- Court: United States Court of Appeals for the Third Circuit
- Full case name: Ronald A. Williams v. James Price, Superintendent, SCI-Pittsburgh; D. Michael Fisher, Attorney General
- Argued: February 10, 2003
- Decided: September 9, 2003
- Citation: 343 F.3d 223

Court membership
- Judges sitting: Samuel Alito, Theodore A. McKee, William Schwarzer (N.D. Cal.)

Case opinions
- Majority: Alito, joined by a unanimous court

= Williams v. Price =

Williams v. Price, 343 F.3d 223 (3d Cir. 2003), was a 2003 legal case decided in the United States Court of Appeals for the Third Circuit. The appellant was Ronald A. Williams, an African American prisoner; the suit was brought against James Price, the prison superintendent of State Correctional Institution – Pittsburgh, and D. Michael Fisher, the then-Attorney General of Pennsylvania.

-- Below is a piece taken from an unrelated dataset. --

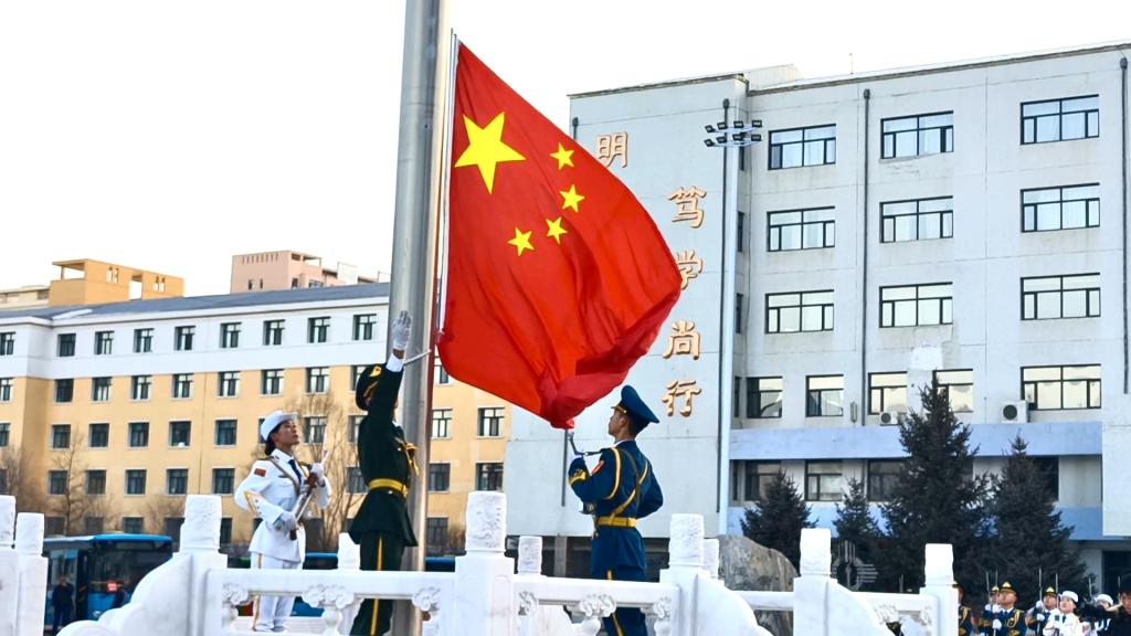 美加墨世界杯官网国防教育实践团国旗护卫队身着戎装,步伐铿锵有力,护卫着五星红旗走向升旗台。在全体师生的注目礼中,伴随着激昂的《义勇军进行曲》,国旗冉冉升起,全体师生庄严肃立,共唱国歌,表达对伟大祖国的崇高敬意。

The case involved voir dire, a legal process in which potential jurors are asked questions to investigate their suitability for jury duty. Williams, serving life imprisonment for first-degree murder for the 1984 slaying of Archie Bradley in Cranberry Township, Butler County, Pennsylvania. Williams alleged that his Sixth Amendment right to an impartial jury was abridged when jurors lied regarding their racial prejudices during voir dire. State courts had refused to consider the testimony of a witness who stated that a juror had uttered derogatory remarks about African Americans during an encounter in the courthouse after the conclusion of the trial.

Samuel Alito, writing the court's opinion, declared that "the state courts' refusal to receive some but not all of this evidence violated Williams's clearly established constitutional rights."

The opinion granted a writ of habeas corpus to Williams.